Certificate Store Permissions and Windows Live Block App-V RTSPS Protocol
Last week, when converting our existing ICT internal dogfood trial of App-V to a highly available production capable App-V solution, we came to a decision to utilize the RTSPS (Real Time Streaming Protocol Secure) protocol for streaming our applications.
Using some my own and another colleagues laptops for testing the RTSPS protocol, we ran into an issue whereby the client received the following error:
The specified Application Virtualization Server has shut down the connection. Try again in a few minutes. If the problem persists, report the following error code to your System Administrator.
Error Code: xxxxxx-xxxxxx0A-10000009
We initially discovered from an App-V blog article (http://blogs.technet.com/b/appv/archive/2010/03/09/troubleshooting-common-rtsps-issues-with-app-v.aspx) that this issue occurs when the server lacks permissions for the NETWORK SERVICE account to access the certificate store machine keys.
Following the advise of the article for Windows Server 2008 R2 systems, this was quickly resolved by using a Certificate Management based Microsoft Management Console to grant Read permission for the NETWORK SERVICE account to the certificate which is being used to sign the RTSPS protocol in App-V.
Thinking the issue was resolved, we proceeded to initiate a Refresh on the App-V client and tried to stream an application that we had previously sequenced, however we now received a new error:
The Application Virtualization Client could not update publishing information from the server App-V Server. The server will not allow a connection without valid NTLM credentials. Report the following error code to your System Administrator.

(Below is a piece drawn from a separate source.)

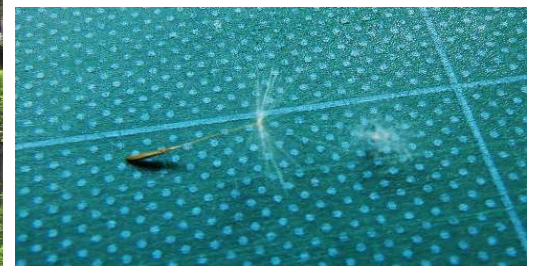
セイヨウタンポポ(左)との比較

Error code: 4615186-1690900A-00002002
Leaving us puzzled. We were unable to find a solution initially, so we turned to Bing for some assistance, unearthing an interesting but niche blog post.
According to the source of our findings (http://blogs.ethz.ch/jlaville/2011/08/25/app-v-error-00002002/) machines with components from the Windows Live Essentials suite of applications cannot run the RTSPS protocol due to a registry key added to the LSA Security Packages key.
After removing the livessp value from the multi-value string in the registry and restarting the system we were successfully able to refresh the server and also stream the applications.